Print the lines from the one containing "This Madewell v-neck" through the end of the material below, both included, exactly as they appear and without pictures.

═══ Dataset excerpt

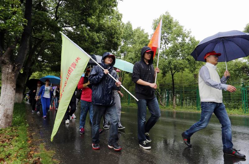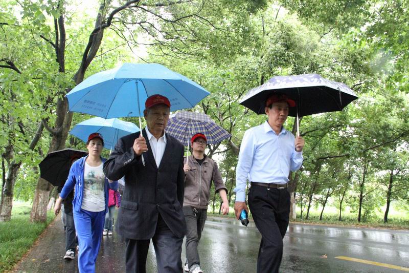 在简短的启动仪式后,大家兴趣盎然踏上征程。上午9点,在丁张公路路口, 60余人排着整齐的队伍,冒着稠密的细雨,迈着坚定的步伐,开始了本次的徒步活动。只见领导们一马当先,走在队伍前列,而青年也不甘示弱,在团旗的引领下紧紧跟随。行走途中,虽然大家脸上满是雨水,衣服淋湿了,鞋子浸水了,但是大家依然步履矫健,意志坚定,勇往直前,向着目标迈进。行进途中,有的同志高唱革命歌曲进行鼓劲,让感到疲惫的队员,重拾力量,坚持向前,大家也合声共唱,真是一路走来一路歌,成为雨中一道靓丽的风景线。队伍中有两位特殊的人,那是我们的医务保障,他们虽然年逾七十,但是“老骥伏枥志在千里”,始终走在队伍的前列,让我们青年感到“汗颜”,无形中也激励着我们不断前行……
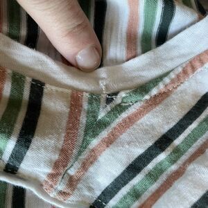 This Madewell v-neck tank top in roger stripe features a relaxed fit and is made from light and airy slub cotton. The overall condition is good, but there is a small repair at the top of the neck shoulder seam, which is hardly noticeable. From a smoke-free environment.
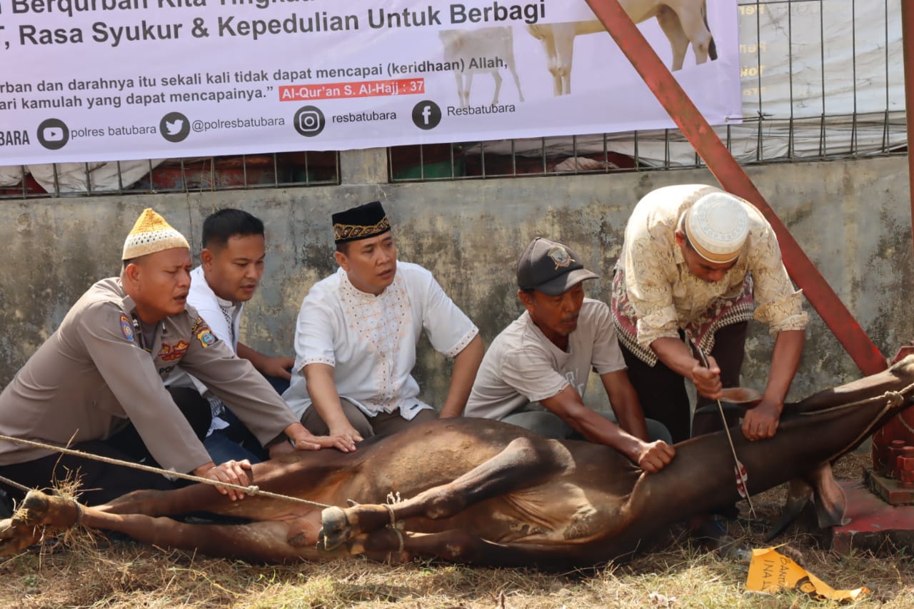 Batubara INFOAKTUALNEWS.COM – dalam rangka memperingati Hari Raya Idul Adha 1443 H Tahun 2022 Polres Batubara potong hewan Qurban sebanyak enam ekor lembu di Mako Polres Batubara, Minggu (10/07/2022).

══════

- _The completed task_:
 This Madewell v-neck tank top in roger stripe features a relaxed fit and is made from light and airy slub cotton. The overall condition is good, but there is a small repair at the top of the neck shoulder seam, which is hardly noticeable. From a smoke-free environment.
 Batubara INFOAKTUALNEWS.COM – dalam rangka memperingati Hari Raya Idul Adha 1443 H Tahun 2022 Polres Batubara potong hewan Qurban sebanyak enam ekor lembu di Mako Polres Batubara, Minggu (10/07/2022).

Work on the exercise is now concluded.